Headless rendering ships behind the headless Cargo feature and is not in the default build. The prebuilt binary and the Homebrew formula include it, so a standard install needs nothing extra. From source, ask for it explicitly:

cargo install rover-fetch --features headless

The feature needs a Chrome or Chromium browser on the host. Rover auto-detects it on standard install paths. If the browser lives elsewhere, point chrome_executable in the [headless] config block at it. To confirm the launch path resolves:

rover doctor

When the feature is compiled, doctor launches the browser to verify it works, rather than only checking the binary exists on disk. See Installation for install paths and Optional features for the full feature list.

Per-call control

The MCP fetch tool takes a headless argument that decides per call whether to render. There are three modes:

{
"url": "https://example.com/app",
"headless": { "mode": "auto", "wait": "networkidle0", "timeout_secs": 20 }
}
modeBehaviour
offHTTP path only. No browser launches.
onAlways render via headless, regardless of what the HTTP path returns.
autoTry the HTTP path first; re-render via headless only if the SPA heuristics fire.

The default mode comes from the headless.auto_detect_spa config key: auto when true (the default), off when false. Use wait to pick a render-complete condition (covered below) and timeout_secs to bound the render. See MCP tools for the full fetch argument shape.

Without the feature compiled in, each mode behaves as follows. mode: "off" and an absent argument are no-ops, since the HTTP path is all you get anyway. mode: "on" returns the headless_feature_not_compiled error: you asked for rendering the binary can't do, and a silent fallback would hide that. mode: "auto" keeps the HTTP result with no error, because auto only ever promised to render if it could.

Choosing a wait condition

The wait condition decides when Rover calls a render done. The right value depends on how the page loads its content. There are two:

  • domcontentloaded (the default) returns as soon as the initial HTML is parsed.

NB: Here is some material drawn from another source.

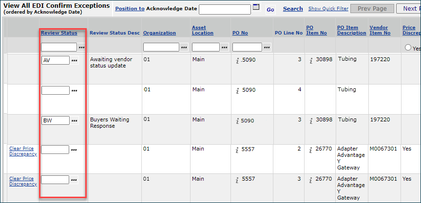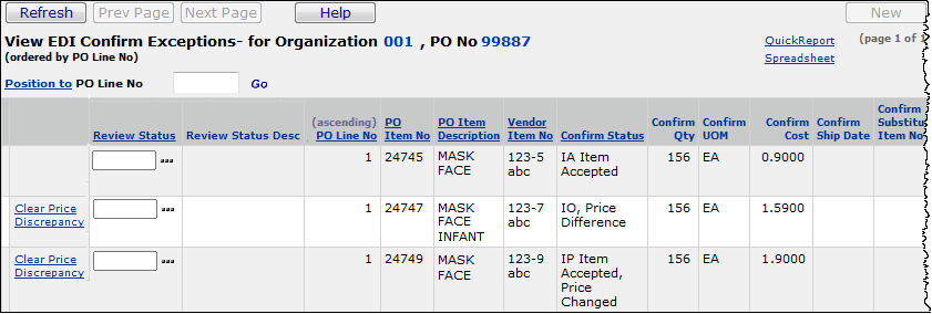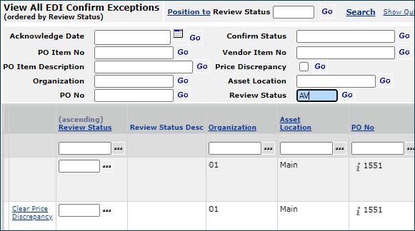 When a vendor confirms a purchase order in an EDI 855 document, the system imports the EDI 855 confirmation data, and updates the status of the PO. The application retains the data from the vendor, including any exceptions and makes the data available for your viewing. Exception information may refer to one or more lines on the PO, or all of the lines. You can review the information for individual lines, and for the PO as a whole. You can also open a list of all EDI PO confirmations with exceptions, and view individual confirmations from the list.

It's fast, and correct for pages that render their content inline during the first paint.
  • networkidle0 waits for domcontentloaded, then until the network settles: zero requests in flight for a continuous 500 ms, bounded by the render timeout. It's slower, but right for SPAs that fetch their content over XHR after load.

The difference is timing. A page that paints a skeleton, issues an XHR, then fills in the real content returns the skeleton under domcontentloaded and the full data under networkidle0. A single pending request blocks completion, so networkidle0 costs you the slow tail. Pay it only when the content arrives after load.

From the CLI

rover fetch has no --headless flag. The one-shot CLI opts into rendering through config alone: set auto_detect_spa = true in the [headless] block, and Auto mode applies to every CLI fetch. Chromium launches lazily, only when the SPA heuristics fire (or a bot-protection challenge is detected), so a CLI run over static pages never pays the browser cost. A configurable launch_delay_secs (default 2) pauses between that detection and the browser launch; set it to 0 to escalate immediately. The Configuration page documents the full [headless] block.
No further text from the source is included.